We validated the predicted bounds by comparing them with the estimated \({r}_{pc}.\) Note that, in these comparisons, we consider the predicted bounds to be correct if the interval of the estimated \({r}_{pc}\) plus and minus one standard error of the estimate overlapped with the interval between the predicted bounds. Although the predicted bounds may capture the estimated \({r}_{pc}\), the bounds may not be very informative if they cover an extremely large range. For example, a predicted lower bound of − 1 and a predicted upper bound of 1 will always capture estimated \({r}_{pc}\), but such a prediction is not useful at all. Thus, we computed the range of bounds as the difference between the predicted upper and lower bounds of \({r}_{pc}\).

## Results

First, we compare the predicted bounds of \({r}_{pc}\) with the estimated \({r}_{pc}\). Second, we present the results on estimated genetic parameters such as heritabilities, \({r}_{pc},\) and genetic correlations between lines.
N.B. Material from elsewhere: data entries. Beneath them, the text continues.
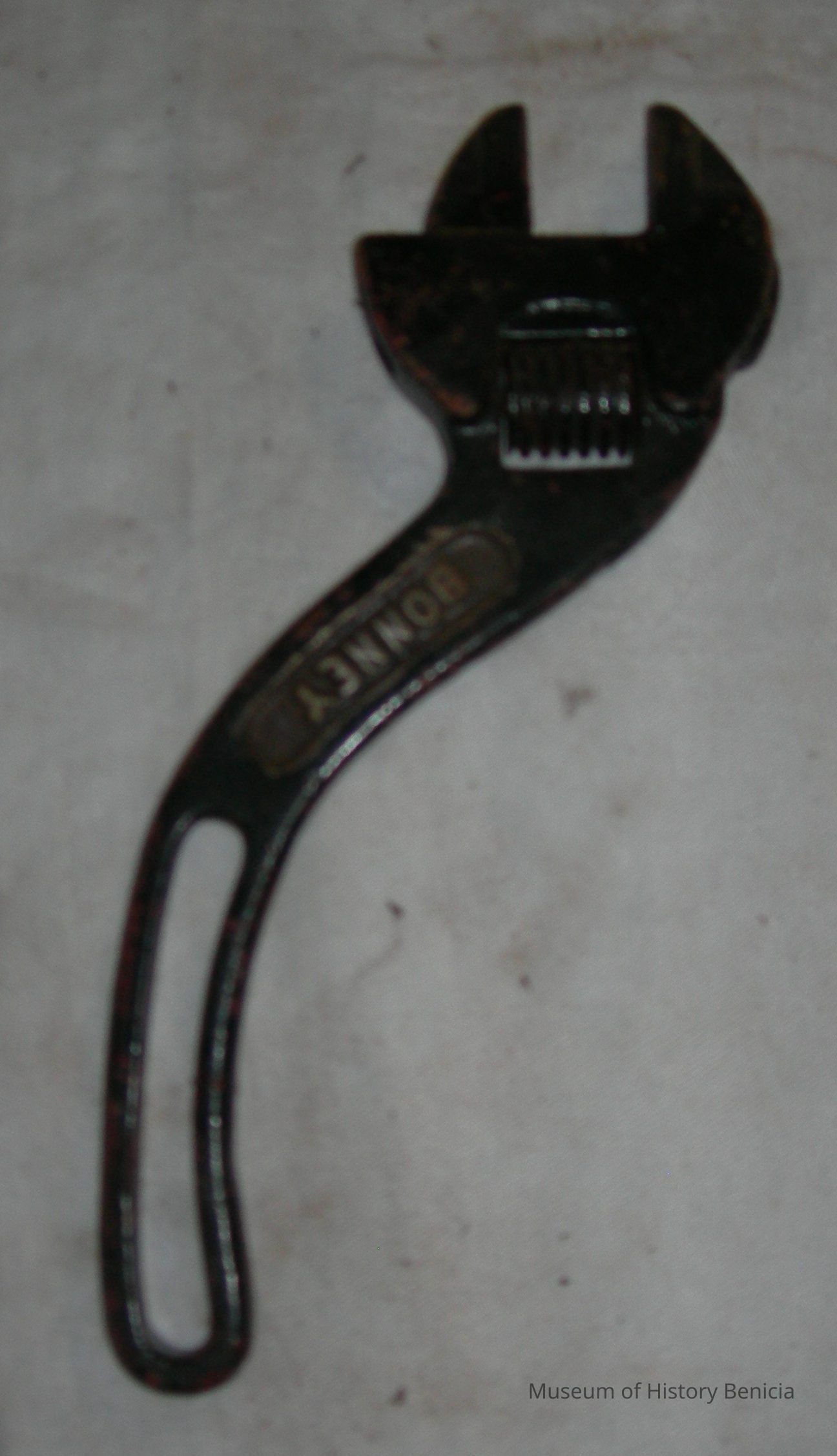 adjustable wrench (similar to a crescent wrench) possibly used in automotive repair; s-shaped handle with open space in it; painted black, "Bonney" in raised lettering on body of tool.Collection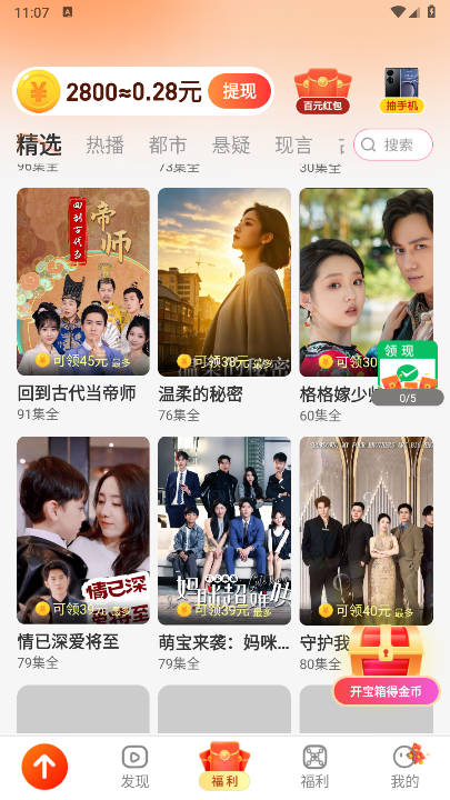 奖励机制:用户在观看短剧或完成特定任务时,可以获得金币奖励。通过金币可以兑换红包或其他实物奖励,增加了娱乐性和赚钱的双重体验。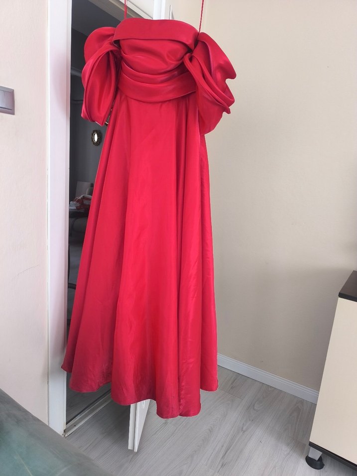 Askısız, salaş kesim, uzun kırmızı abiye elbise, parlak kumaş ve drapeli detaylara sahiptir. Düğünler için uygundur, kolsuz ve modern klasik tarzda.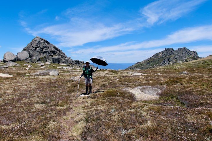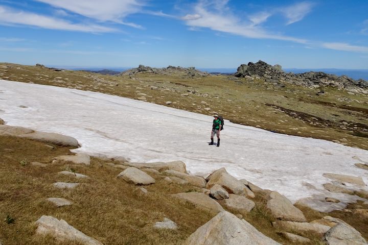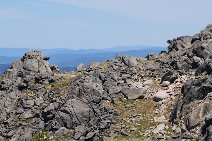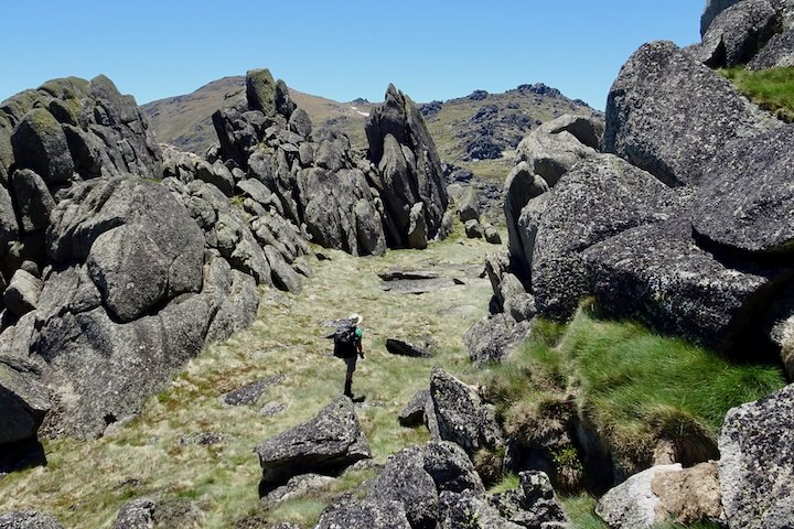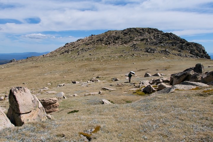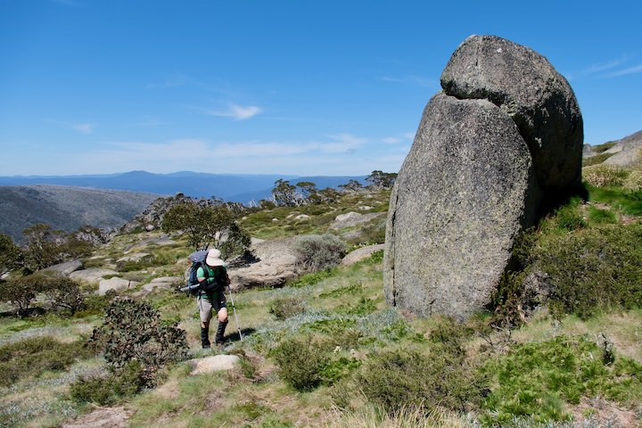 The trees petered out about half a kilometre from the crest of the ridge. We’d be above the treeline for the rest of the walk until we descended again in four day’s time. We followed a foot pad through the grass, picking our way through the boulders. When we reached the ridgetop, the heat of the sun was enough to have us seeking out some shade to drop our packs and cool down for a few minutes.

### Predicted bounds of \({r}_{pc}\)

Of the 15 trait-line combinations, the estimated \({r}_{pc}\) (plus or minus one standard error) fell between the predicted lower and upper bounds in 14 cases with VC_{GEBV}, 6 cases with VC_{GEBV-S}, and 14 cases with VC_{REML} (Fig. 1). With methods based on GEBV, the estimated \({r}_{pc}\) was usually closer to the upper bound than to the lower bound, while for VC_{REML}, this varied across traits and lines.

On average across traits, VC_{GEBV} resulted in the largest range for all lines (0.44–0.57), followed by VC_{GEBV-S} (0.21–0.40) and VC_{REML} (0.15–0.22) (Table 1). With VC_{REML}, the average range across traits was largest for line S (0.22), followed by the LR (0.19) and LW (0.15) lines.

### Estimated genetic parameters

The estimated heritabilities for PB performance across traits ranged from 0.23 (TGR for line S) to 0.54 (BFE for line LW) (Table 2). Across traits, the average heritability was lowest in line S (0.36), followed by lines LR (0.39) and LW (0.44). Across lines, the average heritability was lowest for TGR (0.32), and highest for BFE (0.48).

The estimated \({r}_{pc}\) across traits and lines ranged from 0.52 (TGR in line LR) to 0.80 (LDE in line LW), with an average of 0.72 (Table 3). On average across traits, the estimated \({r}_{pc}\) was highest in line S (0.78), followed by lines LW (0.74) and LR (0.64). On average across lines, the estimated \({r}_{pc}\) was lowest for TGR (0.65) and highest for LDE (0.77). The standard errors across traits and lines ranged from 0.04 (DFI and BFE in line S) to 0.11 (LDE in line LR), with an average of 0.06. On average, estimated \({r}_{pc}\) in line S had the smallest standard errors (0.05), followed by lines LW (0.06) and LR (0.08).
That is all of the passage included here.